Task item ▸ The answer is to be the data that follows, transcribed exactly, minus its pictures.

The data ▸
- - - - -

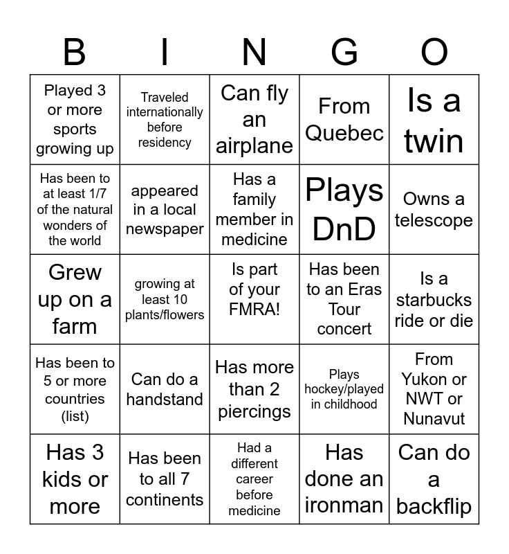 This bingo card has a free space and 121 words: From British Columbia, From Saskatchewan, From Manitoba, From Alberta, From Nova Scotia, From Ontario, From Quebec, From Newfoundland or the Maritimes, From Yukon or NWT or Nunavut, IMG Student, Went to the University of Alberta for another degree, Has 2 or more degrees (not including medical school), Wears glasses, Wearing a blue shirt, Wearing a skirt/dress, Has dyed their hair, Has more than 2 piercings, Owns a duckanna, Owns 4 budgies, Skiis on black diamonds, Has 3 kids or more, Can fly an airplane, Can drive manual/standard, Has worked as a butcher, Has been to 10 or more countries (list), Has been to 5 or more countries (list), Has been to all 7 continents, Has eaten a carolina reaper, Has run a marathon, Has done a triathlon, Has done an ironman, growing at least 10 plants/flowers, Has a family member in medicine, Can make macarons, Has eaten 9 cans of ravioli, Knows 3 coding languages, Can knit a sweater, Has sold/sells handmade crafted items, Plays 2 or more instruments, Has played in an orchestra / concert band, Has played in jazz band, Has been to a rave, Can two-step, Has a Ford F150, Watches anime, Has been to animethon in Edmonton, Watches telenovelas, Has been to an Eras Tour concert, Has a photo with and met a celebrity, Has given a speech, Runs a social media account, Can bench their own weight, Plays hockey/played in childhood, Had/has a reptile pet, Had/has at least 4 pets, Uses a bike to commute, Owns at least 3 different types of cooking oil, Does not drink coffee, Does not drink diet coke OR redbull, Traveled internationally before residency, Has been on the high level bridge streetcar, Has been to an edmonton symphony orchestra performance, Someone who plays in a band, Has been to a home oilers game, Has their birthday on a holiday, Has been to at least 1/7 of the natural wonders of the world, Is bilingual, Is trilingual, Competed nationally in _______, Has been to the Royal Tyrrell Museum, Grew up on a farm, Has been to Jasper, Has at least 4 siblings, Knows sign language, Plays warhammer, Plays DnD, Has a costco card, Plays genshin impact, Is double jointed, Can do a backflip, Can do a handstand, Played 3 or more sports growing up, Plays/played lacrosse, Has read at least 6 books this year, Does digital art, Does traditional art, Can ride a unicycle, Can do the butterfly stroke, Is a starbucks ride or die, Sews their own clothes, Has been on TV, Has been in a movie, Had a different career before medicine, Has gone on a roadtrip across canada or US, Makes/has made their own alcohol, Has a sourdough starter older than 2 years, Has been to a renaissance fair, Has skydived, Is a twin, Someone who has published a book / written work, been to Antarctica, certified scuba diver, hiked the Appalachian Trail, performed in a dance recital, appeared in a local newspaper, Completed a wilderness survival course, Built their own furniture, Served in the military, Performed stand-up comedy, Done a bungee jump, Owned a farm animal, Designed and built a website, Been a competitive chess player, Played a competitive sport at a collegiate level, Played a role in a theater production, Owns a telescope, Has done cosplay, Has been to a ghost tour or haunted location, Has a lucky charm they carry everywhere, Can do magic tricks and Grows fruits/vegetables.
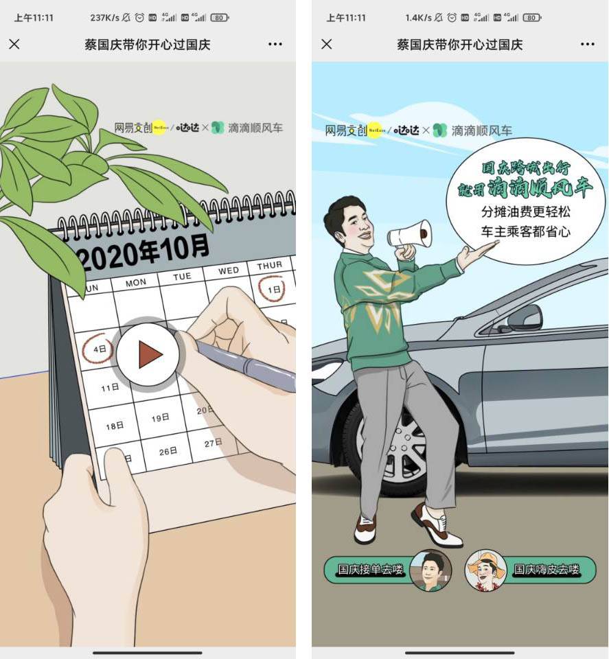 案例參考:這個由滴滴順風車出品的國慶節(jié)H5,就是通過H5視頻漫畫描述了主人公的國慶節(jié)的獨家經(jīng)歷,H5中反饋了 許多現(xiàn)實生活中常見的問題,例如放假回家,一開始父母很開心,過兩天就開始遭遇老爸嫌棄,又或是去景區(qū)度假,結(jié)果人山人海等等,說出了人們的度假心聲。
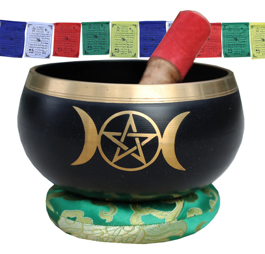 FAST SHIPPING!!! Tibetan Triple Moon Singing Bowl Complete Set ~ Meditation , Yoga, Mindfulness, Spiritual & Chakra Healing ~ Extra Large

- - - - -

Response for this exercise ▸
 This bingo card has a free space and 121 words: From British Columbia, From Saskatchewan, From Manitoba, From Alberta, From Nova Scotia, From Ontario, From Quebec, From Newfoundland or the Maritimes, From Yukon or NWT or Nunavut, IMG Student, Went to the University of Alberta for another degree, Has 2 or more degrees (not including medical school), Wears glasses, Wearing a blue shirt, Wearing a skirt/dress, Has dyed their hair, Has more than 2 piercings, Owns a duckanna, Owns 4 budgies, Skiis on black diamonds, Has 3 kids or more, Can fly an airplane, Can drive manual/standard, Has worked as a butcher, Has been to 10 or more countries (list), Has been to 5 or more countries (list), Has been to all 7 continents, Has eaten a carolina reaper, Has run a marathon, Has done a triathlon, Has done an ironman, growing at least 10 plants/flowers, Has a family member in medicine, Can make macarons, Has eaten 9 cans of ravioli, Knows 3 coding languages, Can knit a sweater, Has sold/sells handmade crafted items, Plays 2 or more instruments, Has played in an orchestra / concert band, Has played in jazz band, Has been to a rave, Can two-step, Has a Ford F150, Watches anime, Has been to animethon in Edmonton, Watches telenovelas, Has been to an Eras Tour concert, Has a photo with and met a celebrity, Has given a speech, Runs a social media account, Can bench their own weight, Plays hockey/played in childhood, Had/has a reptile pet, Had/has at least 4 pets, Uses a bike to commute, Owns at least 3 different types of cooking oil, Does not drink coffee, Does not drink diet coke OR redbull, Traveled internationally before residency, Has been on the high level bridge streetcar, Has been to an edmonton symphony orchestra performance, Someone who plays in a band, Has been to a home oilers game, Has their birthday on a holiday, Has been to at least 1/7 of the natural wonders of the world, Is bilingual, Is trilingual, Competed nationally in _______, Has been to the Royal Tyrrell Museum, Grew up on a farm, Has been to Jasper, Has at least 4 siblings, Knows sign language, Plays warhammer, Plays DnD, Has a costco card, Plays genshin impact, Is double jointed, Can do a backflip, Can do a handstand, Played 3 or more sports growing up, Plays/played lacrosse, Has read at least 6 books this year, Does digital art, Does traditional art, Can ride a unicycle, Can do the butterfly stroke, Is a starbucks ride or die, Sews their own clothes, Has been on TV, Has been in a movie, Had a different career before medicine, Has gone on a roadtrip across canada or US, Makes/has made their own alcohol, Has a sourdough starter older than 2 years, Has been to a renaissance fair, Has skydived, Is a twin, Someone who has published a book / written work, been to Antarctica, certified scuba diver, hiked the Appalachian Trail, performed in a dance recital, appeared in a local newspaper, Completed a wilderness survival course, Built their own furniture, Served in the military, Performed stand-up comedy, Done a bungee jump, Owned a farm animal, Designed and built a website, Been a competitive chess player, Played a competitive sport at a collegiate level, Played a role in a theater production, Owns a telescope, Has done cosplay, Has been to a ghost tour or haunted location, Has a lucky charm they carry everywhere, Can do magic tricks and Grows fruits/vegetables.
 案例參考:這個由滴滴順風車出品的國慶節(jié)H5,就是通過H5視頻漫畫描述了主人公的國慶節(jié)的獨家經(jīng)歷,H5中反饋了 許多現(xiàn)實生活中常見的問題,例如放假回家,一開始父母很開心,過兩天就開始遭遇老爸嫌棄,又或是去景區(qū)度假,結(jié)果人山人海等等,說出了人們的度假心聲。
 FAST SHIPPING!!! Tibetan Triple Moon Singing Bowl Complete Set ~ Meditation , Yoga, Mindfulness, Spiritual & Chakra Healing ~ Extra Large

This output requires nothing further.